§ **Exercise requirements**
Reproduce every line of the material below, but drop the pictures.

§ **Data extract**

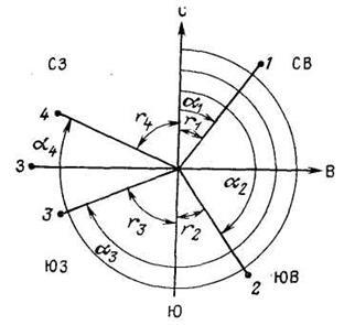1. Связи между румбами и дирекционными углами по четвертям. Чертеж по четвертям.
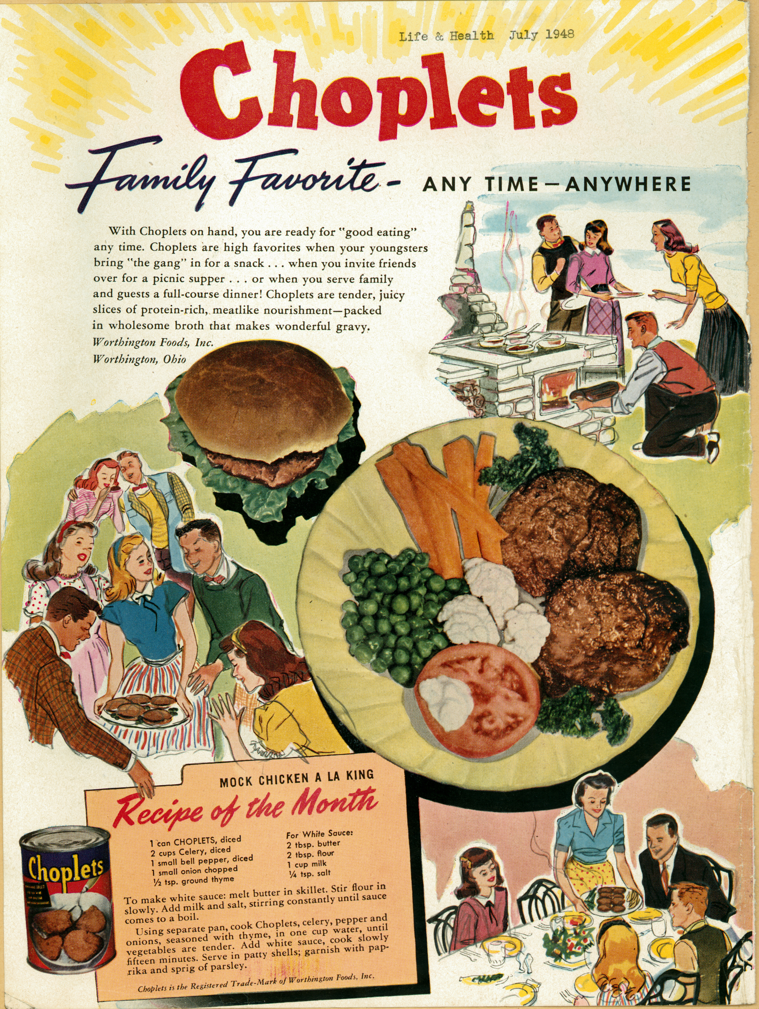 This advertisement appeared in Health and Life magazine in 1948, and was first color ad ever used for Worthington Foods. James L. Hagle, who became business manager for the company in 1941 sought to expand the Worthington Foods market through advertisements in health food magazines such as Health and Health and Life, in addition to direct mail. The product featured here is Choplets. Worthington Foods advertisements frequently featured recipes such as this one for Mock Chicken a la King.
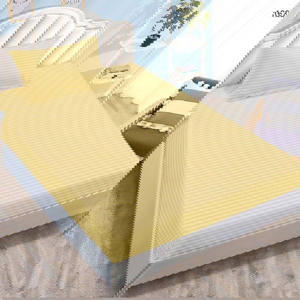 Cearceaf din Damasc cu Elastic - 90x200 + 1 Fata Perna - Crem Intens - CEDX_K120
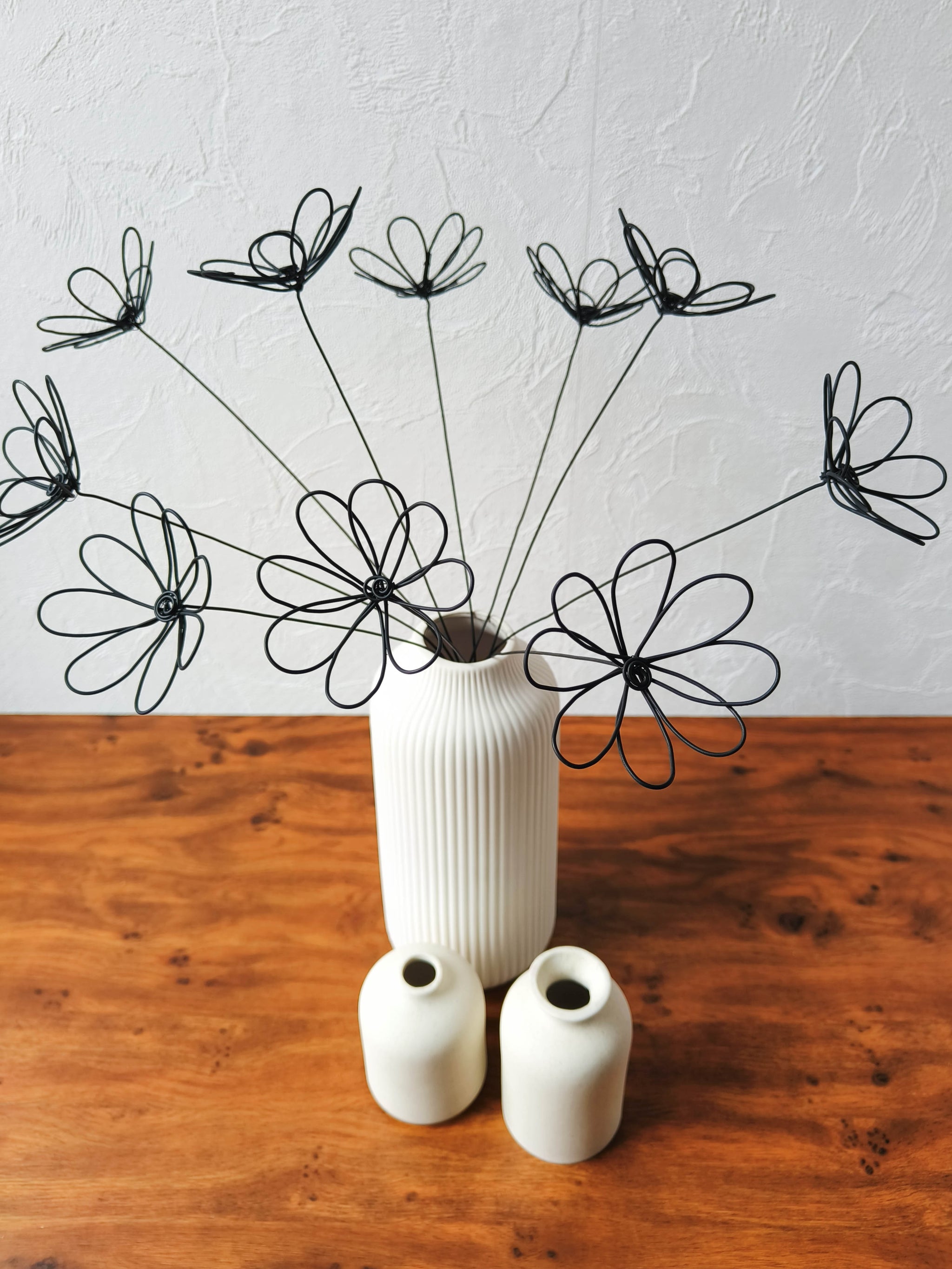Bouquet 10 fleurs 3D en fleur fil de fer recuit, fleur artificielle, décoration floral, bohème nature, coquelicot, marguerite, pâquerette

§ **Answer to the problem**
1. Связи между румбами и дирекционными углами по четвертям. Чертеж по четвертям.
 This advertisement appeared in Health and Life magazine in 1948, and was first color ad ever used for Worthington Foods. James L. Hagle, who became business manager for the company in 1941 sought to expand the Worthington Foods market through advertisements in health food magazines such as Health and Health and Life, in addition to direct mail. The product featured here is Choplets. Worthington Foods advertisements frequently featured recipes such as this one for Mock Chicken a la King.
 Cearceaf din Damasc cu Elastic - 90x200 + 1 Fata Perna - Crem Intens - CEDX_K120
Bouquet 10 fleurs 3D en fleur fil de fer recuit, fleur artificielle, décoration floral, bohème nature, coquelicot, marguerite, pâquerette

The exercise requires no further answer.